Description
🧠 Dibe Coding Process Overview
This process defines a structured yet flexible approach to leveraging AI agents for coding tasks. It helps developers decide when and how to delegate to AI, iteratively improve prompts, and manage task complexity through division and summarization.
🔹 1. Start
The process begins with an open decision to consider AI assistance for a given task.
🔸 2. Task Suitability Check (Task suitable?
)
At this point, a critical evaluation determines if the task is suitable for delegation to an AI coding assistant.
- If No → The process ends with a manual or traditional approach (
Do not delegate to AI
). - If Yes → Proceed to externalization decision.
🔸 3. Externalize Task? (Externalize Task?
)
The next step is to decide whether to externalize the task, i.e., create a task context to explicitly define and describe the problem.
- If Yes → Proceed to
Create task context
. - If No → Continue directly to the division decision.
🔸 4. Create Task Context
Here, a structured context or problem description is created to inform and guide the AI. This can improve result quality and prompt effectiveness.
🔸 5. Divide Task? (Divide?
)
Now, evaluate whether the task should be handled as a whole or split into smaller parts.
- If Yes → Go to
Divide
, which restructures the task into manageable sub-tasks. - If No → Proceed to the initial prompting step.
🔸 6. Prompt
A prompt is crafted and submitted to the AI agent. This is the first interaction with the assistant aimed at generating a meaningful result.
🔸 7. Review and Decide (Review and Decide
)
The AI’s response is evaluated at a high level, and the next action is chosen:
-
Refine:
If the result is close, continue iteratively in the same session.

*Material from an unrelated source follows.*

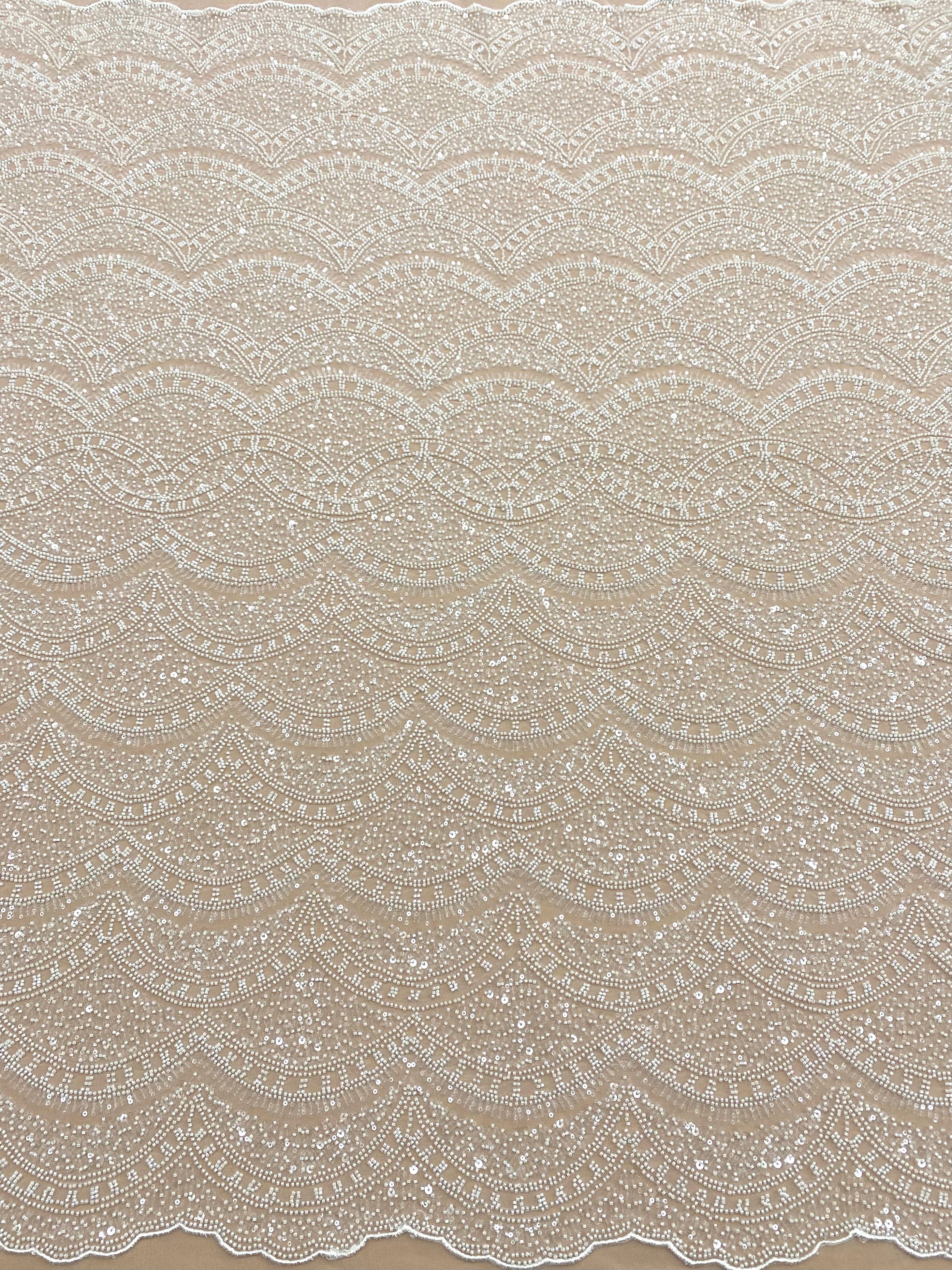 Elefántcsont csipke geometriai mintával, gyöngyökkel és flitterekkel

Imagine you review a PR and you are motivated to continue. There might be a few edges missing or some code parts to be optimized, but generally it looks fine already. -
Redo:
If the task understanding or output is significantly off, revise the prompt and try again.
Use this option if you have the feeling there was some important information missing, e.g. some implicit requirements, some code examples, or some context information. So basically, you have a good idea how to improve your prompt. -
Divide:
If the problem is too complex or ill-structured, go back and break it down further.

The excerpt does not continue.